An international team of astronomers has announced the detection of two of the earliest and most distant galaxies known. The light of both of them comes from just 300 million years after the Big Bang and it was possible to observe them only thanks to the power of the James Webb Space Telescope (JWST).
The galaxies are located in a region near the Hubble Ultra Deep Field, the famous observations by the Hubble Space Telescope showing some of the most distant galaxies known at the time. JWST’s larger mirrors and infrared capabilities allowed astronomers to see even farther into the universe.
“These galaxies join a small but growing population of galaxies from the first half billion years of cosmic history where we can really probe the stellar populations and the distinctive patterns of chemical elements within them,” Dr Francesco D’Eugenio of the Kavli Institute for Cosmology at the University of Cambridge, one of the team behind the discovery, said in a statement.
The results are part of the JWST Advanced Deep Extragalactic Survey (JADES) and they are known as JADES-GS-z14-0 and JADES-GS-z14-1, with the former slightly more distant than the latter.
The team was able to conduct a spectroscopic survey of the galaxies, breaking their light into a rainbow. Using this rainbow, the researchers were able to work out how far away they are and what kind of chemical elements were present. This is possible because chemical elements interact with light at specific wavelengths.

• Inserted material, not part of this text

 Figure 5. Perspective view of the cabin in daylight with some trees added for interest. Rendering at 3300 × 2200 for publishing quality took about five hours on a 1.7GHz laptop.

And that is not all. Due to the expansion of the universe, light is redshifted. This is similar to the Doppler effect, which changes the pitch of an ambulance’s siren if the vehicle is approaching or receding. In the case of these galaxies, their light is stretched out to extreme wavelengths.

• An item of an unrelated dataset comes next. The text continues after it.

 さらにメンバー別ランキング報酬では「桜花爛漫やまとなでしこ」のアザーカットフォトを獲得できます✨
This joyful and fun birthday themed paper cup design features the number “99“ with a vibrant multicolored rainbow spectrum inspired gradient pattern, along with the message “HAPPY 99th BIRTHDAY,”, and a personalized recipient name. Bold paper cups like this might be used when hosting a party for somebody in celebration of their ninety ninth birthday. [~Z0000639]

“We are seeing extra emission from hydrogen and possibly even oxygen atoms, as is common in star-forming galaxies, but here shifted out to an unprecedented wavelength,” said Jakob Helton, a graduate student at the University of Arizona and lead author of one of the papers detailing the discovery.
JADES-GS-z14-0 is small compared to the Milky Way, but mighty. It is 1,600 light-years across and is forming stars at a rate 20 times faster than our own quiet galaxy. Before JWST, astronomers didn’t expect galaxies to become big, bright, and massive very quickly, but galaxies like this suggest that this is definitely a way that they can grow.
“JADES-GS-z14-0 now becomes the archetype of this phenomenon,” said Dr Stefano Carniani of the Scuola Normale Superiore in Pisa, lead author on the discovery paper. “It is stunning that the Universe can make such a galaxy in only 300 million years.”
JWST is designed to look for the most distant galaxies yet discovered, so expect this current record holder to be replaced relatively soon. These observations suggest that objects significantly closer to the Big Bang might soon be found.
“We could have detected this galaxy even if it were 10 times fainter, which means that we could see other examples yet earlier in the Universe—probably into the first 200 million years,” said Brant Robertson, professor of astronomy and astrophysics at the University of California-Santa Cruz, and lead author of a third paper on the team’s study of the evolution of these galaxies. “The early Universe has so much more to offer.”
The papers related to the discovery are waiting for peer review, but have been posted to arXiv. The Carniani paper confirmed the distance, the Helton paper is all about the galactic properties, and the Robertson paper provides insights into how such a galaxy managed to grow so big in such a short time.